In Grant it was held the worker was entitled to the cost of a new motor vehicle as a curative apparatus in circumstances where it would provide some alleviation of pain and allow her to participate more actively in life and pursue a social life outside of her home. Further it would allow her greater independence as she would not be reliant on her husband to transfer her to and from her wheelchair to the car.
The arbitrator in Dires observed these authorities demonstrate that each case turns on its own unique facts.
The employer conceded the worker was unable to drive and was reliant upon his wife, as his carer to drive for him. It also conceded the worker was unable to put his walker in the car and was unable to leave home without his mobility aids. The evidence from the worker was that the walker did not fit and had never been able to fit into the car.
The arbitrator found the evidence established a clear benefit to the worker, namely the proposed van with ramp would enable his mobility equipment to be transported with greater ease. She noted there was also clear evidence concerning the therapeutic impact of the worker being able to mobilise outside the home with the assistance of mobility aids which were necessary for him.
Ultimately the arbitrator was satisfied the new vehicle would provide the necessary therapeutic impact to qualify as a curative apparatus in circumstances where the mobility aids required by the worker could not be transported in his Mazda 3.

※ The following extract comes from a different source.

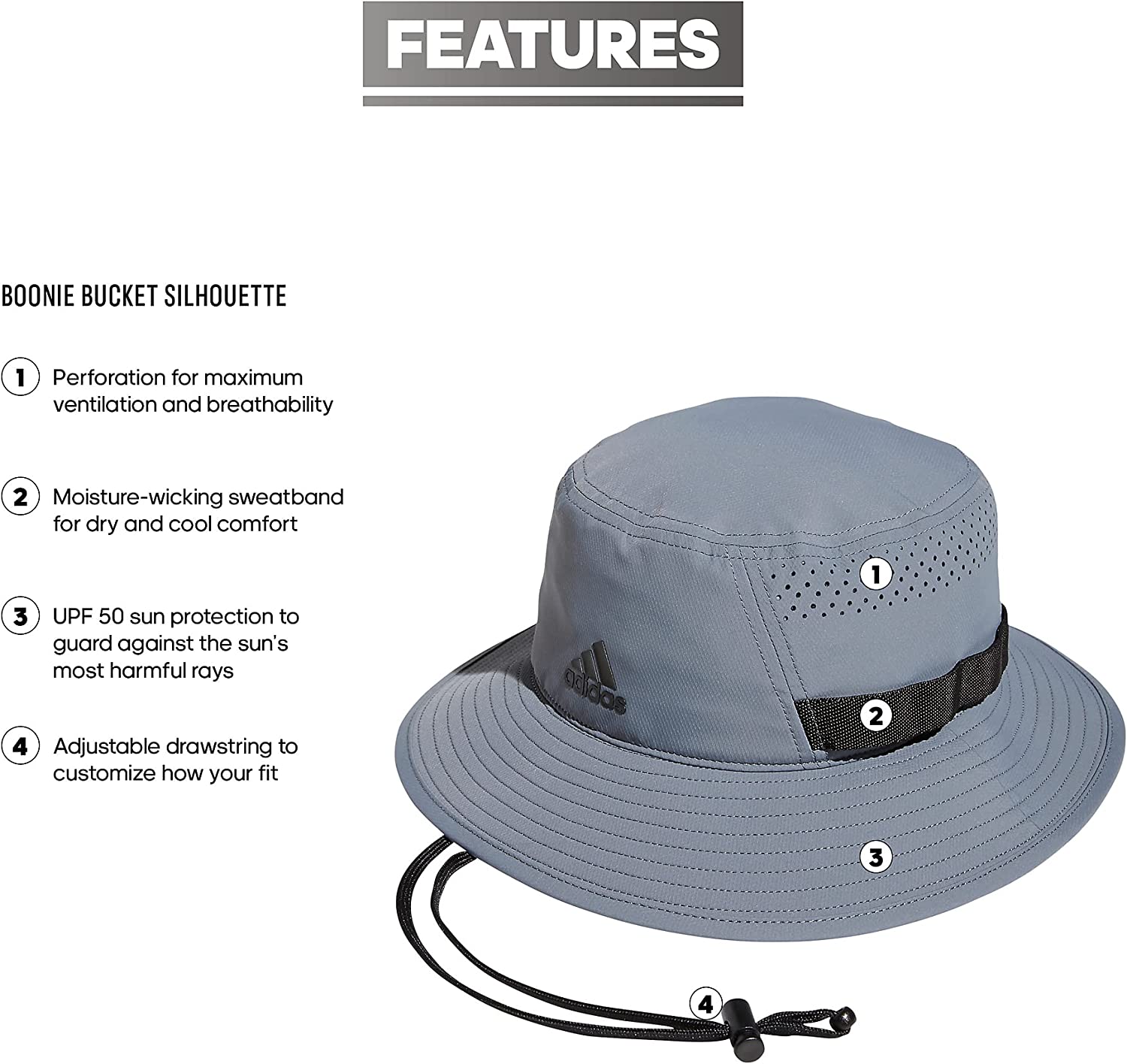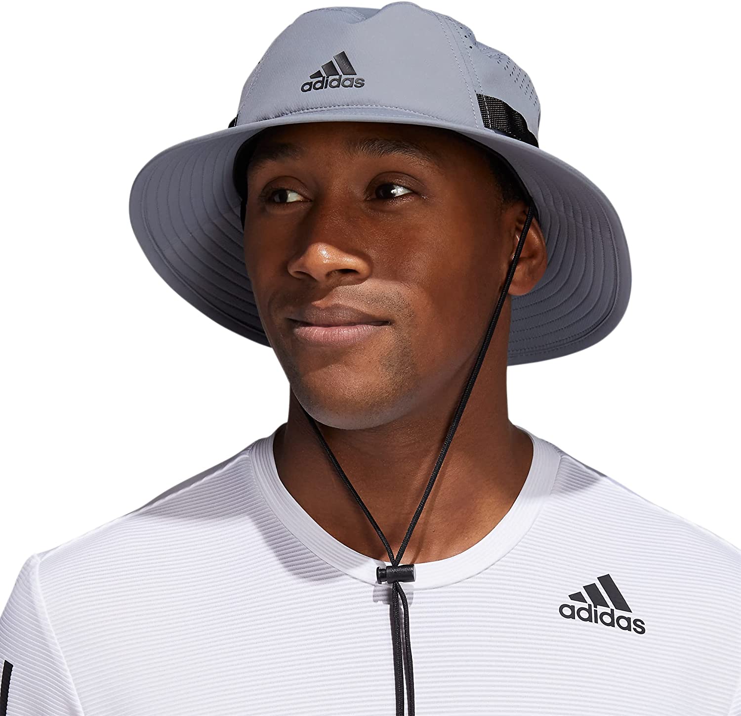 Keep covered on sunny days in this men's adidas bucket hat. Engineered perforations keep the air flowing to help you stay cool and dry. An adjustable chin strap lets you personalize the fit.

The arbitrator ordered the employer to pay the cost of the proposed Hyundai Imax including the cost of a ramp fit out, less the trade-in value of the worker’s Mazda 3.
The take away message
The definition of a curative apparatus is broad and, in addition to motor vehicles, has been found to include travel by taxi (Woollahra Council v Beck [1996] 14 NSWCCR 179), a computer (Sinanian v WorkCover Authority (NSW) [1999] 19 BSWCCR 83), farm equipment (Harbison v Harbison [2000] 19 NSWCCR 548) and pumps and heaters for a pool (McWilliams v Rachel Forster Hospital for Women and Children [2002] 23 NSWCCR 197).
It is important to remember that the definition of medical and related treatment expenses goes far beyond what is typically thought of as medical treatment i.e. consultation with a general practitioner or specialist, surgery, medication or physiotherapy.
When assessing claim insurers should keep in mind the definition of medical or related treatment in section 59 of the 1987 Act.